Small intestinal bacterial overgrowth (SIBO) is exactly what it sounds like, an overgrowth of pathogenic or harmful bacteria in the small intestine, and I think a lot of people are walking around with this medical condition but have no idea they have it. Partly because most people have never heard of it and partly because many doctors don’t screen for it when someone comes to their office complaining of GI issues.

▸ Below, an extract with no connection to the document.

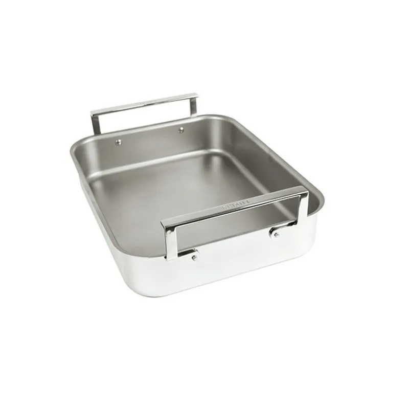 Le rôti du samedi ou le poulet du dimanche ont trouvé leur plat à four grâce à ce modèle en trilaminé inox/aluminium/inox de la marque Cristel.

I certainly wasn’t screened for it when I was diagnosed with IBS and I’m sure this is not unusual.
As I’ll discuss in the next post, a number of diseases like irritable bowel syndrome, various inflammatory bowel diseases, gluten intolerance, celiac disease, alcoholic and non-alcoholic fatty liver disease, fibromyalgia, rheumatoid arthritis, restless leg syndrome, rosacea and interstitial cystitis (bladder pain syndrome) have all been associated with SIBO. In reality, however, given the inflammation caused both in and outside the gut, the list of diseases associated or caused by this disorder is quite lengthy.
Let me just say that I’m not a big fan of the term small intestinal bacteria overgrowth. Not because there isn’t an overgrowth of pathogenic bacteria in this part of the digestive tract, but because I think it’s highly unlikely that unfriendly bacteria are the only type of organism causing trouble.
Yeast is a normal constituent of our digestive tract and normally kept in check by our friendly gut flora. Once commensal gut flora are disturbed for whatever reason, their ability to keep this yeast in check is also compromised. This is a major reason so many people develop yeast overgrowth issues after a course of antibiotics. I find it implausible that anyone presenting with SIBO doesn’t also have this issue. I sure as hell did.
Perhaps this is the reason some patients don’t respond to a course of antibiotics when being treated. It could be they also need an antifungal to control a Candida albicans overgrowth. I’ll talk more about this when I post on treatment options.
So what exactly is SIBO?
SIBO is defined as an overgrowth of bacteria either originating from the mouth/upper respiratory tract or colon that has taken up residence in your small intestine where they don’t belong. Once this occurs all sorts of nasty things begin to happen.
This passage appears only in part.